■ Task requirements ■
With pictures left out, write out exactly every line from the start of the data through the one that contains "This type of".

■ Recorded information ■

---*---

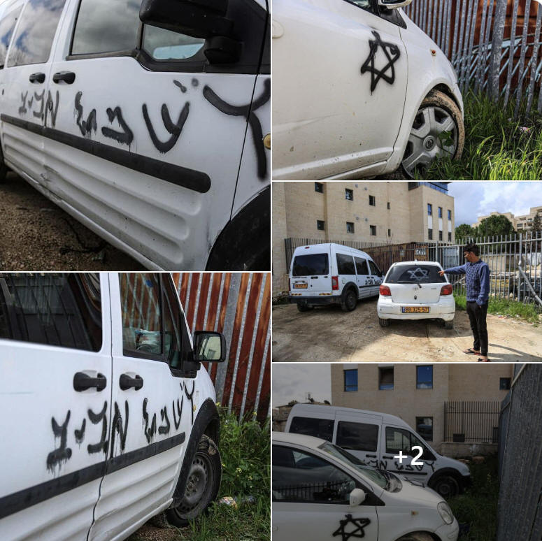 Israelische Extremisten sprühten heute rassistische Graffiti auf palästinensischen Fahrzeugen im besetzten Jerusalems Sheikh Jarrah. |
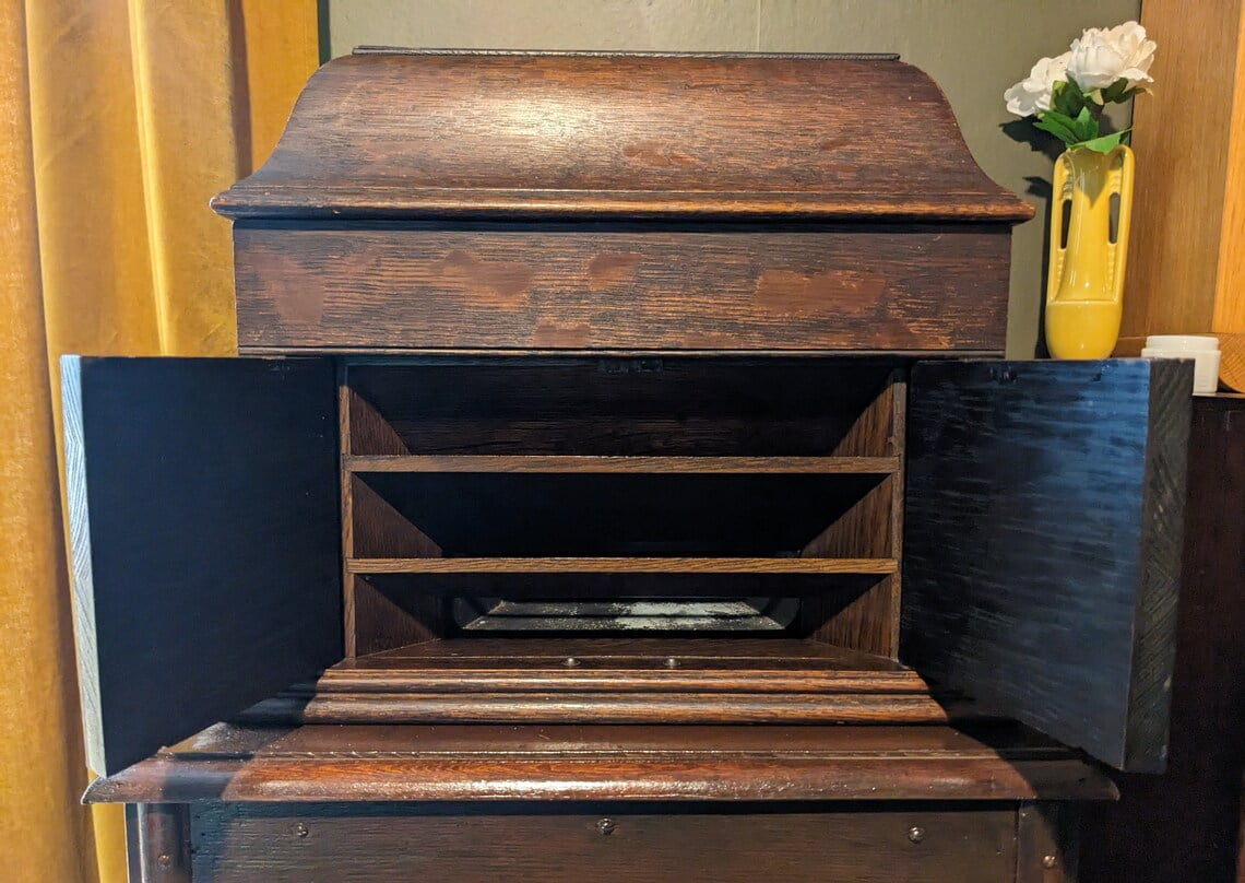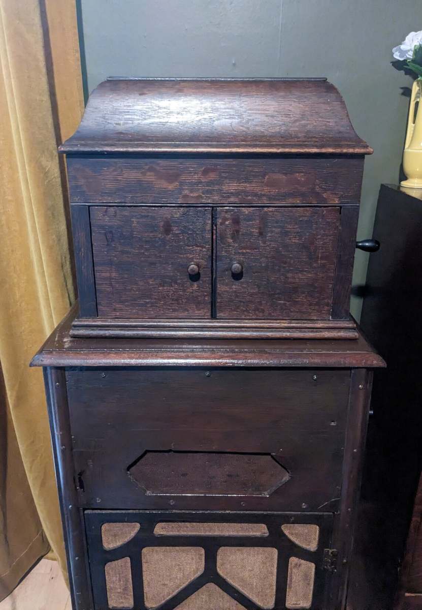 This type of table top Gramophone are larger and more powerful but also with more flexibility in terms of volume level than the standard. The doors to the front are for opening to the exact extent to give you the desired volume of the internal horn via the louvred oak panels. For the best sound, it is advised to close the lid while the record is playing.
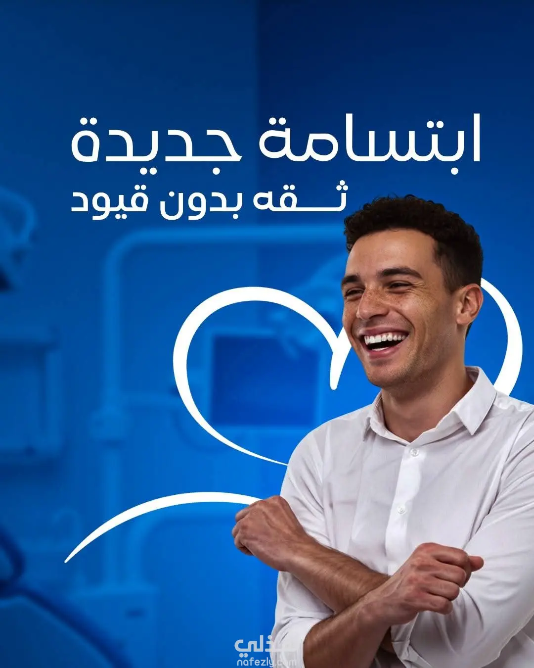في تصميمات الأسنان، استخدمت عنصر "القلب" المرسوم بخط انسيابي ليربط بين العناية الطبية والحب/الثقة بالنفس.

---*---

■ Task output ■
 Israelische Extremisten sprühten heute rassistische Graffiti auf palästinensischen Fahrzeugen im besetzten Jerusalems Sheikh Jarrah. |
 This type of table top Gramophone are larger and more powerful but also with more flexibility in terms of volume level than the standard. The doors to the front are for opening to the exact extent to give you the desired volume of the internal horn via the louvred oak panels. For the best sound, it is advised to close the lid while the record is playing.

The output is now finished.